For middle Americans, the most typical cause of AMT tax is the level or amount of State, Local and Property Tax combined with miscellaneous deductions like unreimbursed employee costs; especially if your household income is over $100,000. According to studies, it’s only going to get worse if Congress doesn’t intervene! This is the one part of the code not adjusted for inflation since its inception in the 60’s. So that’s why more and more people are affected to this tax each year!

You can see if the AMT affects you by consulting the AMT worksheet in the Form 1040 instructions entitled “Worksheet to See if You Should Fill in Form 6251 ‘ Line 45.” People with more complex financial situations should probably consult a good accountant to help them calculate what they might owe. For more information go to http://www.irs.gov/taxtopics/tc556.html.
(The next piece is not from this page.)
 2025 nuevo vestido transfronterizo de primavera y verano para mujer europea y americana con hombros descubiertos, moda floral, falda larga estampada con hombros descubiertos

2. Higher Education Expense Deductions and Credits

You may be able deduct $2,000 or $4,000 of qualifying tuition expenses, depending on your income. It applies to expenses for post-high school education for you, your spouse, or your dependents regardless if you had to take out loans to pay for the cost. It even counts for Grandma to pay for grandson’s college! Grandma can get the deduction.
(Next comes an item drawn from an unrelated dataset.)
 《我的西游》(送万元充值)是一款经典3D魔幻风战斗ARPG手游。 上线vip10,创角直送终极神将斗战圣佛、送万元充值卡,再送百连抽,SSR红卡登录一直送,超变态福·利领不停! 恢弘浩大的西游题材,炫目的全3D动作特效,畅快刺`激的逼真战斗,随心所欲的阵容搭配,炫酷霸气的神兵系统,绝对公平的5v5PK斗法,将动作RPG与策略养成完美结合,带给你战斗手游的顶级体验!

The Hope Credit or the Lifetime Learning Credit have stricter income limits than higher education deductions to qualify, but provide greater tax savings because they reduce your taxes dollar for dollar. Because both of these types of educational deductions and credits are dependent upon income levels, year in school, and many other factors, it’s not an easy choice which one is right for your case. Run all the scenarios or consult your tax advisor for the best treatment.
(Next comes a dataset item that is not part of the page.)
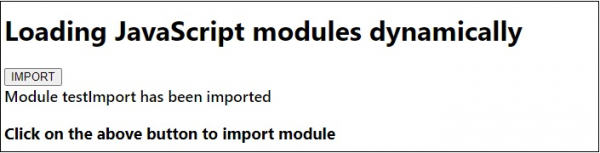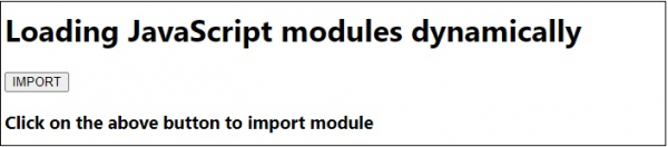 <!DOCTYPE html> <html lang="en"> <head> <meta charset="UTF-8" /> <meta name="viewport" content="width=device-width, initial-scale=1.0" /> <title>Document</title> <style> body { font-family: "Segoe UI", Tahoma, Geneva, Verdana, sans-serif; } .result { font-size: 18px; font-weight: 500; } </style> </head> <body> <h1> Loading JavaScript modules dynamically</h1> <button class="Btn">IMPORT</button> <div class="result"></div> <h3>Click on the above button to import module</h3> <script src="script.js" type="module"></script> <script src="sample.js" type="module"></script> </body> </html>

3. Medical expense deductions

To be able to deduct medical expenses you must itemize and expenses are deductible only to the extent they exceed 7.5% of your adjusted gross income (AGI). Given the high rate of health care inflation, more people are eligible for this than in years past. Be sure to keep records of all medical expenses to see if you qualify each year.

4. Reinvested stock dividends

This is a tip to avoid double taxation. When mutual fund and qualified stocks pay dividends to investors they are taxed in that year, whether or not those dividend monies were paid out to you in cash or reinvested. Most investors automatically re-invest them in additional shares. When you own investments, keep all of your statements.

When an investor subsequently sells qualified shares of stock or the mutual fund, they are taxed on their gain. Meaning if you invested $9,500 and it grew to $12,000, $2,500 could be subject to tax in that year. However let’s assume that $9,500 generated $500 worth of dividends that were reinvested only $2,000 would be subject to tax. Many people do not keep good records and end up paying unnecessary tax. Many mutual fund companies will provide you with records if you do not have them. Each year when your broker “sells” stocks, a 1099-Div will be generated. You will need to compare the cost basis of these stocks against their sale price less commission in order to truly know how much gain to include in your taxable income.

5. Out-of-pocket expenses for charities and not for profits

You can write off out-of-pocket costs you incur while doing good works for nonprofit organizations such as churches, food pantries and schools. Keep records of items purchased and costs incurred, such as miles driven (14 cents per mile 2007).

6. Child care credit

You may be eligible for the child care tax credit up to 35% of your qualifying expenses (depending upon your income) you paid someone to care for your child (under age 13) or dependents unable to care for themselves (because of physical or mental reasons) while you work or look for work.

For 2007, you may use up to $3,000 of the expenses paid in a year for one qualifying individual, or $6,000 for two or more qualifying individuals. If you have a tax-favored reimbursement plan at work, you can pay up to $5,000 of work related child care expenses. If you max-out the $5,000 through work but spend more, you may be eligible for an additional $1,000.

7. Estate tax on income in respect of a decedent

Did you inherit an IRA or other ‘income in respect of a decedent,’ or IRD? Secondly, was their estate large enough that it was subject to federal estate tax? If so, you may be eligible for a deduction for the amount of estate tax paid on the IRD assets.